Sunday, 15 July 2018

Coronary Care (3) : The Waffle

No more science or medicine, I promise. I will also try to get you some pictures, though they will be off this dodgy, ten year old Android, so they may not be up to much. Bear with me.

There I was, 3-4 weeks ago still in 'healthy' mode. I didn't need doctors and hospitals. I had been reading the news the same as everybody else, so I "knew" in theory all about HSE waiting lists, people stacked up on trolleys in the corridors awaiting triage or unable to be found a bed. Well, I have to say that my own experience this time was nothing like that. Sligo is rapid, efficient, professional and full of excellent, attentive medical types.

We pitched up here at about 7:30 at night with just a letter from the GP and a washbag. I was pounced on within minutes and run through triage, booked in and what not. A most excellent fella (Dr Miles) took control of me and found me a corner of a 'holding area' (reception ward??) with a bed, curtained off from the rest of the room, which was bursting with people at computers, beeping machines, stacked up equipment etc. Here, between then and 03:30, I was subject to a battery of tests including the expected blood pressure, temperature, blood samples.

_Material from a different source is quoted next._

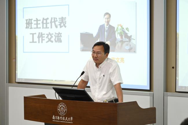 往届班主任代表、机电学院陈文亮分享班主任工作心得与经验。他指出,班主任应与学生积极构建亦师亦友的和谐关系,并通过班会、团体活动等帮助班级形成积极向上的班风,同时也应立足学生个性化的成长需求,充分发挥专业优势,在学生科创实践中精准引导、下足功夫,为学生上好“开学第一课”。

The iconic Ben Bulben mountain. This pic blagged off t'Internet.
Half way through this process they told me they were keeping me in (handy because my 'taxi' was long gone), and, as it was 10 pm, I climbed into the bed and made as if to get some sleep. The testing and sampling carried on with them waking every half an hour for a new one "Sorry, Matt, waking you again but we need to weigh you". Then, at 3 am, I was told they had me a bed on the Coronary Care Ward. I was whizzed up by a couple of porters and installed. This was not just "a bed", it was like a private room - a one-bed bay with clusters of equipment all around. From the window I could see the iconic "Ben Bulben" mountain. Above the door was a big-ish screen plasma TV which meant nothing to me but turned out to be THE PLACE a few days later when England were playing in the World Cup.

Next up the best part of a week of 'living' in that bed, being a patient while the team here went through the process of finding out what was wrong with me and trying to sort me out. I had the boss-doc, growly-voiced Dr M and his entourage of fresh, shiny new, enthusiastic students, an army of nurses round the shifts (too many to list here but hi Una, Margy, Catherine, Veronica et al, the ladies that bring food, the porters who push you down to X-Ray or the heart investigation suites (Hi Dom, Paul, Gerry) - every one of them are just THE BEST. Huge respect for the team.

They were very quickly on to the 'liquid/goo in the lungs' thing and starting treatment which was all about clearing this plus the fluid which had accumulated on my now-podgy ankles. We are making good progress on this and I can breath again (which is handy) so I have had 5 chest X-Rays now which show ever clearer airways (fewer Accumulations/Consolidations).

Of course, I shot myself in the foot by getting better nice and quickly, and "The System" decided they needed my nice 'single room ' for a more unhealthy person and I have been moved down to a 6-bed ward. Again, perfectly good  ward, 4 other nice lads in it and the same level of TLC as before. So it goes.

Meanwhile a couple of anecdotes, two of which are similar in being "what goes round comes round" in shape. And a news flash. 10:44 Sunday I have just been taken off all the 'telemetry' (monitors). I am beeping no more.

Thank you very much niece Em-J and nephew M (20 and 12 I think) who came up from Silverwood land to help and support Elizabeth with the household stuff, livestock and fox-watch. Those guys are back on the train home this afternoon but I was amused by the idea that 20 years ago we did plenty of babysitting of Em-J and now she is up here baby-sitting us!

2nd-ly that football. England playing Croatia in the semifinals of the word cup. I'd not normally watch it but hey, it was in my room. We lost eventually but we went ahead first with a lovely free kick which lobbed over the "wall" of Croat players and dipped into the net. With England having got to the semis, of course, all the fans were singing that "Football's coming home" thing that refers back to England's previous effort in 1966. Then it came to me. I was in hospital for that, too. One of my earliest memories of Dad was that he was there too and as soccer-clueless as any 'Care'. I remember wailing at him that the Germans were cheating, standing in the wall so that our guy would not be able to kick at the goal. I have vague memories of the shame of being shushed by all the other boys and girls on the ward. I would have been 9 then. Never did learn any football.

....and finally, the dogs who I miss terribly have been amusing Elizabeth and frightening her half to death. When the three were let go yesterday on a fox-chase, Deefer and Poppea returned, exhausted within the normal half hour or so, but no sign of Towser. 2 hours later when she had almost given up on him, and it was 10 pm+, he staggered back in 'maggotty' from the grass and brambles and headed straight for his 'safe' place under the oven unit. We have no idea what happened to him or where he'd been but Liz said that the look on his face was like a Vietnam veteran returning from an unspeakably harrowing mission...... You DON'T know...... You WEREN'T there!